Buoyed, Hauck opened the envelope’s flap and slid the contents on the coffee table, while Muñoz threw himself into a cushy living-room chair.

The first thing he came upon was the incident report. The report of the accident by the lead officer on the scene. From the Essex County PD. Details on the deceased. His name, Lauer. Address: 3135 Mountain View. DOB. Description: white male, approximately thirty, wearing a yellow biking uniform, severe body trauma and bleeding. Eyewitness described a red SUV, make undetermined, speeding away. New Jersey plates, number undetermined. Time: 10:07
A.M.
Date. Eyewitness report attached.

It all seemed to have a familiar feel.

Hauck glanced through the photos. Photostats of them. The victim. In his biking jersey. Hit head-on. Severe blunt trauma to the face and torso. There was a shot of the bike, which had basically been mangled. A couple of views in either direction. Up, down the hill. The vehicle was clearly heading down.

Tire marks only after the point of impact.

Just like AJ Raymond.

Next Hauck leafed through the medical examiner’s report. Severe blunt-force trauma, crushed pelvis and fractured vertebrae, head trauma. Massive internal bleeding. Dead on impact, the medical examiner presumed.

Hauck paged through the detectives’ case reports. They had mapped out the same course of action Hauck had up in Connecticut. Did a canvass of the area, notified the state police, checked with the body shops, tried to trace back the tread marks for a tire brand. Interviewed the victim’s wife, his employer. “No motive found” to assume it might not have been an accident.

Still no suspects.

Muñoz had gotten up and gone over to a canvas Hauck was working on by the window. He lifted it off the easel. “This is pretty good, Lieutenant!”

“Thanks, Freddy.”

“May get to see you at the Bruce Museum yet. And I don’t mean waiting in line.”

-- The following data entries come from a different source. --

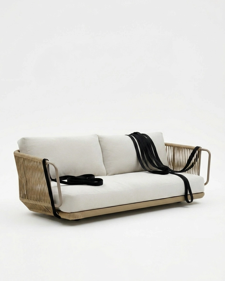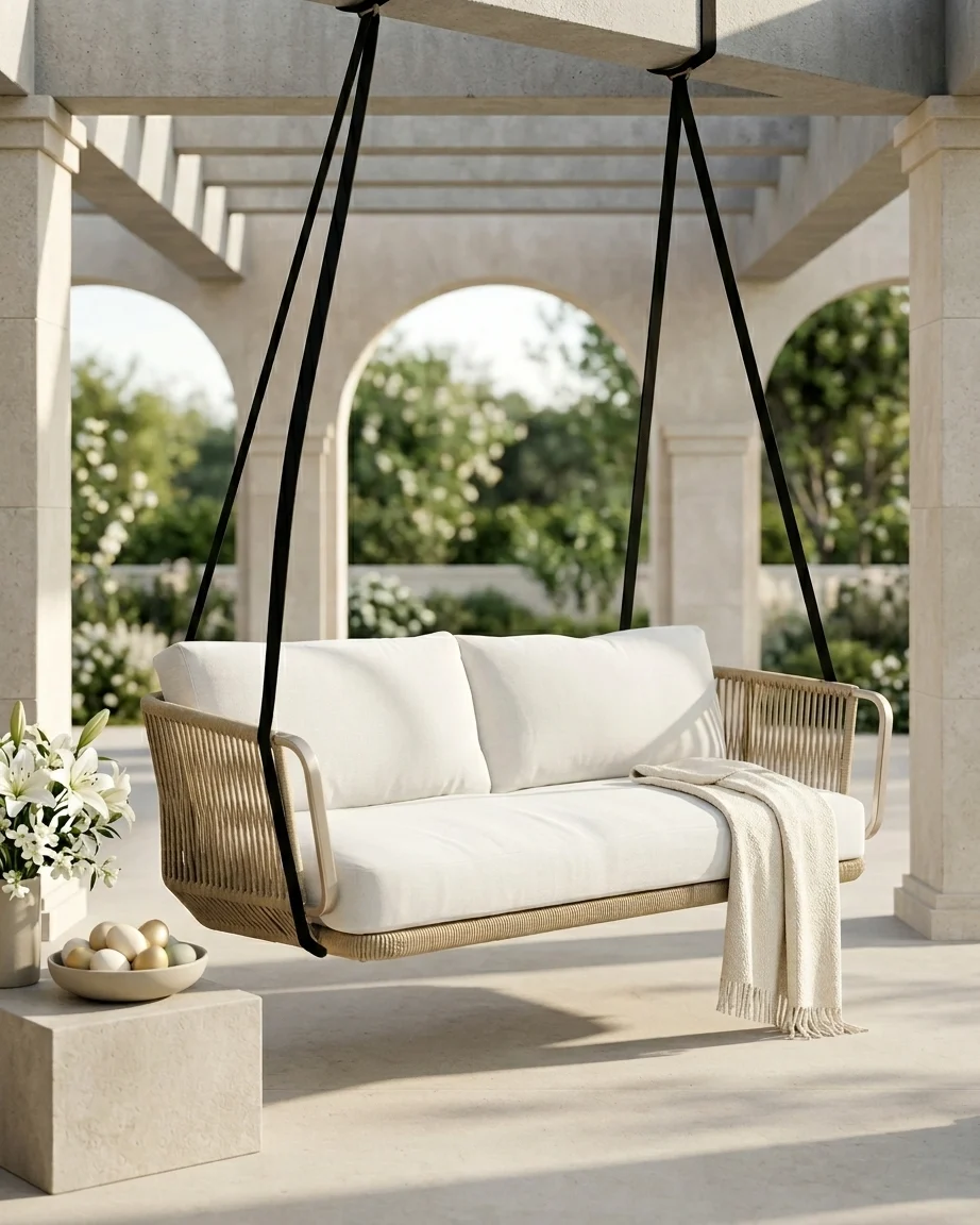 This outdoor swing sofa creates a relaxing and stylish seating area for modern outdoor environments.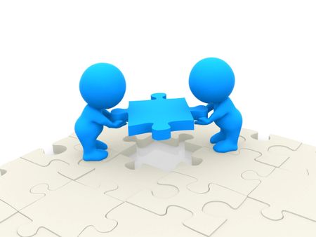 3D people making a puzzle isolated over a white background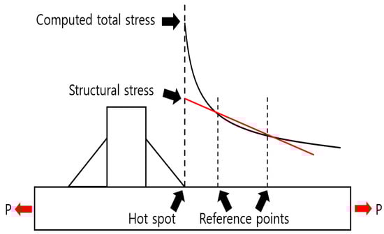 Schematic of hot spot stress approach. Adapted from [] with permission from IIW/2018.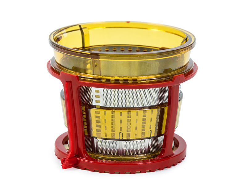 Яркая – это то, что сразу бросается в глаза. Красный металлик, с одной стороны, выделяет эту модель среди конкурентов, с другой – ограничивает ее выбор, ведь не ко всем интерьерам она подойдет. В ассортименте компании есть соковыжималки этой модели более нейтральные по цвету: белая и серая. Они более универсальны, но красная, конечно же, самая шикарная. Модель объединила в себе черты соковыжималок разных лет. Своими размерами и эргономикой она близка со шнековыми приборами, которые появились два-три года назад. А вот противокапельное устройство – признак моделей 2016 года.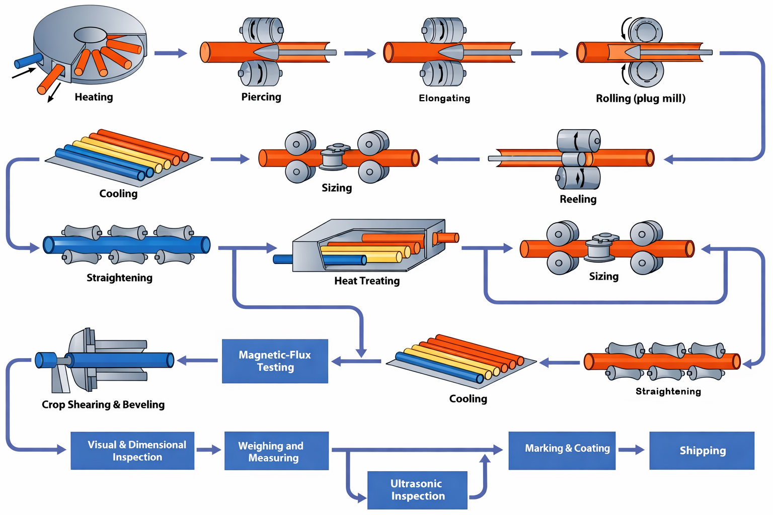 Rolled Round Billets – Examination – Cut Off – Heating – Piercing – Elongation – Slight Tension Reducing – Straightening – Corp End Cutting Off – Visual Inspection – NDT – Hydro-static Test – Ends Procession – Product Inspection – Painting and Marking – Packing – Warehousing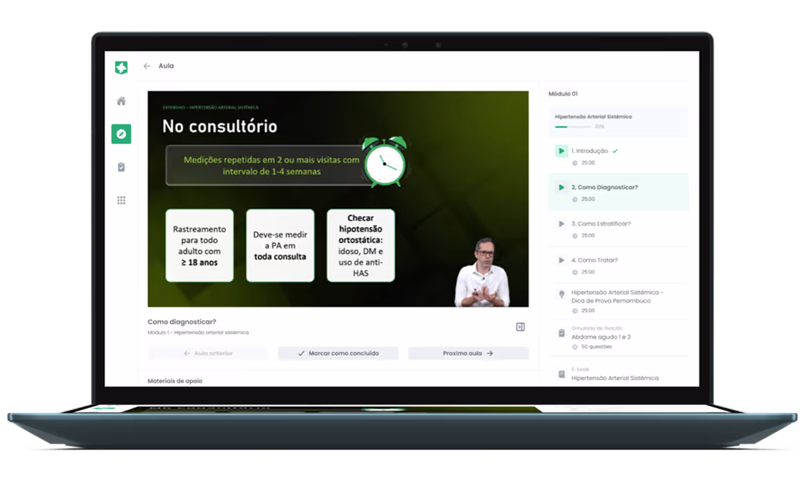Aplicamos métodos ativos como resolução de questões com raciocínio clínico e revisões espaçadas, o que aumenta a retenção de conteúdo e aprimora sua performance.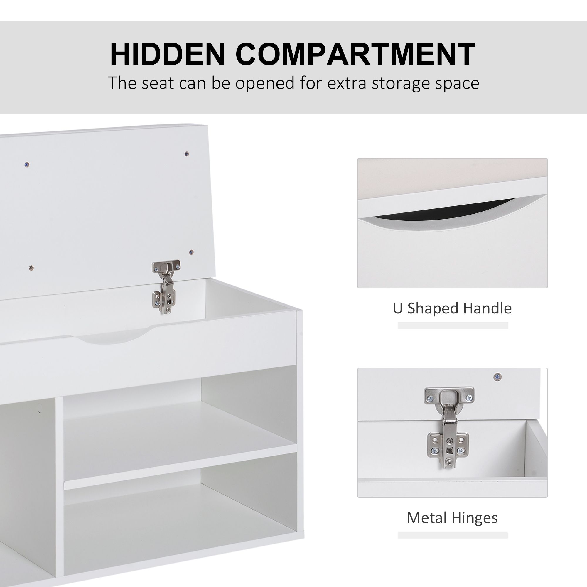 Wooden Shoes Rack Bench, Hidden Storage Padded Seat, Organiser Footwear Rack, Hallway, White, 80 x 30 x 47 cm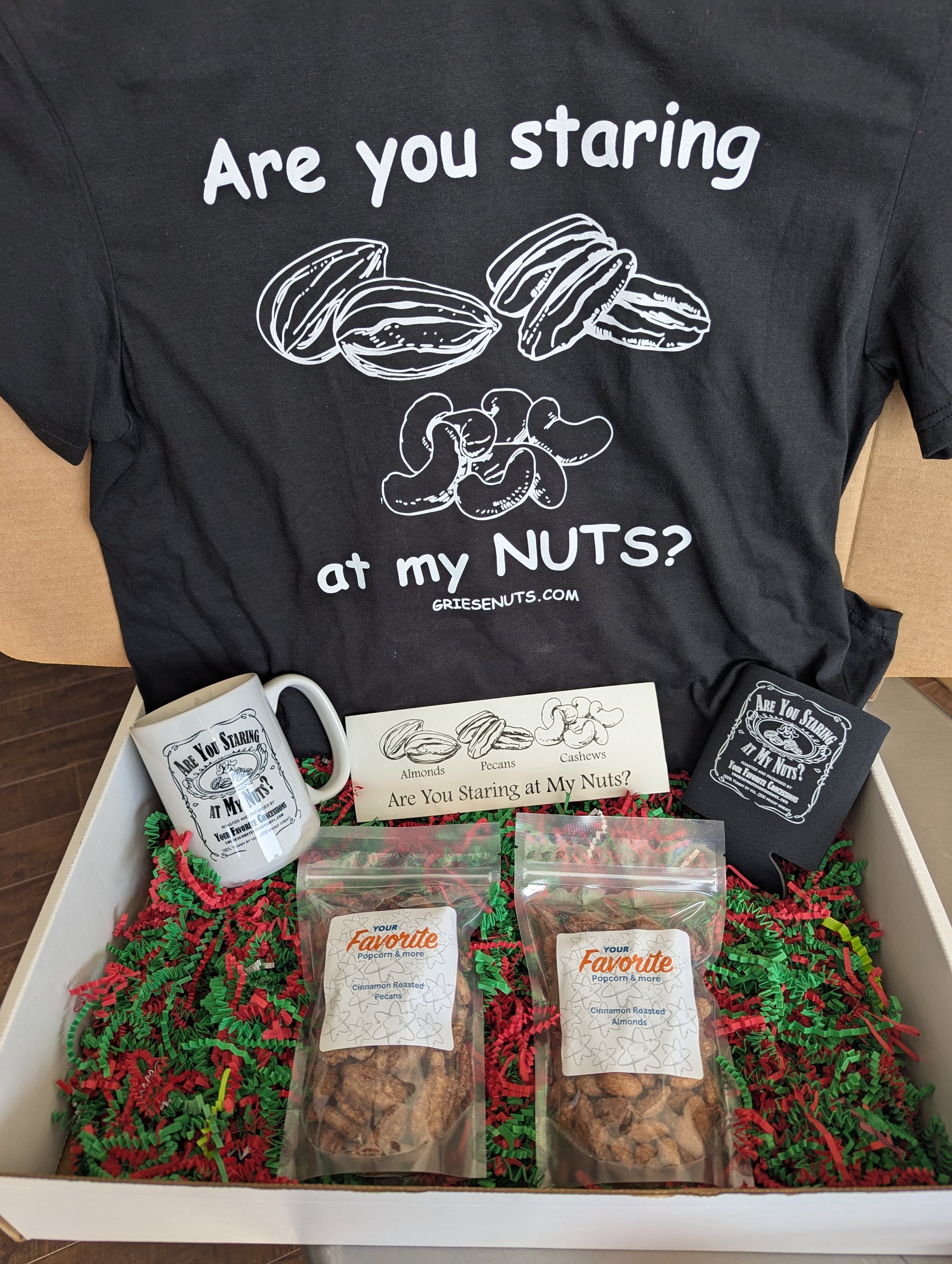 Included: tshirt, mug, stickers in the style of your choosing along with the best of Griese Nuts. Packed and Shipped for you!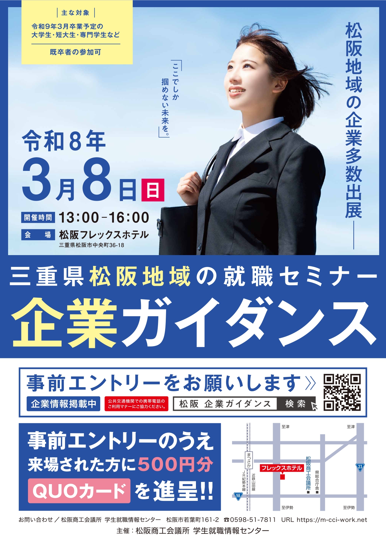 松阪商工会議所では、企業の雇用創出・拡大、また、学生の就職活動を支援し地域活性化につなげるため、企業ガイダンス(合同企業説明会)を開催します。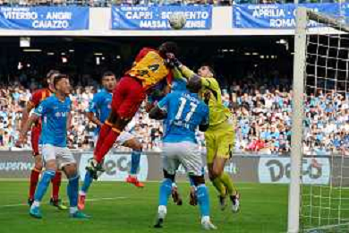 TVEM October 26, 2024 Napoli, Italy - SSC Napoli vs US Lecce - Italian soccer serie A 2024/25 - Diego Armando Maradona Stadium. In the pic: Kialonda Gaspar of US Lecce in action against Alex Meret of SSC Napoli ©Emmanuele Mastrodonato /AGENZIA ALDO LIVERANI SAS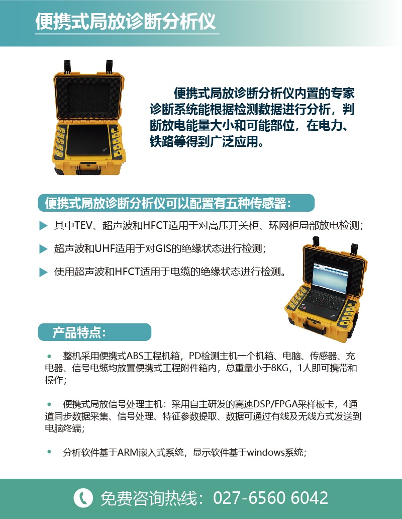 整機采用便攜式ABS工程機箱,PD檢測主機一個機箱、電腦、傳感器、充電器、信號電纜均放置便攜式工程附件箱內(nèi),總重量小于8KG,1人即可攜帶和操作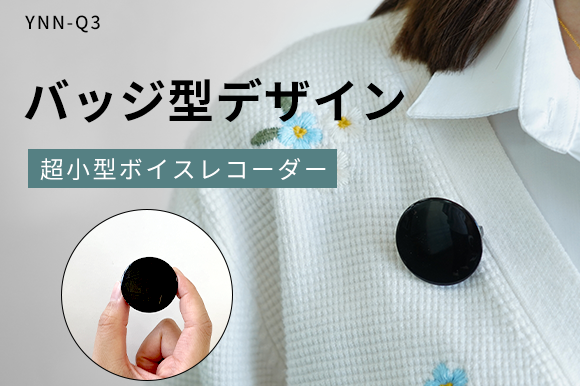 「YNN-Q3」は、8gの軽量で洋服やカバンに装着して録音できるバッジ型の小型ボイスレコーダー。

“Feel free to help yourself to any you like,” Hauck muttered, flipping through the pages. “One day they’ll be worth millions.”

It was frustrating—just like his. The Jersey folks had never found any solid leads.

It just came down to a coincidence, a coincidence Hauck didn’t believe, one that didn’t lead anywhere.

“Strike you as reasonable, Freddy?” Hauck asked. “Two separate 509s? Two different states. Each with a connection to Charles Friedman.”

“Keep at it, Lieutenant,” Muñoz said, flopping back over the arm of the heavy chair.

All that was left was the detail of the eyewitness depositions.
Deposition.
There was only one.

As Hauck opened it up, he froze. He felt his jaw drop open, his eyeballs pulled like magnets to the name on the deposition’s front page.

“See what I’m seeing?”
Freddy Muñoz sat up. He swung his legs off the chair.

“Yeah.” Hauck nodded and took a breath. “I sure do.”

The lone eyewitness to Jonathan Lauer’s murder had been a retired New Jersey policeman.

His name was Phil Dietz.

The same eyewitness as at AJ Raymond’s hit-and-run.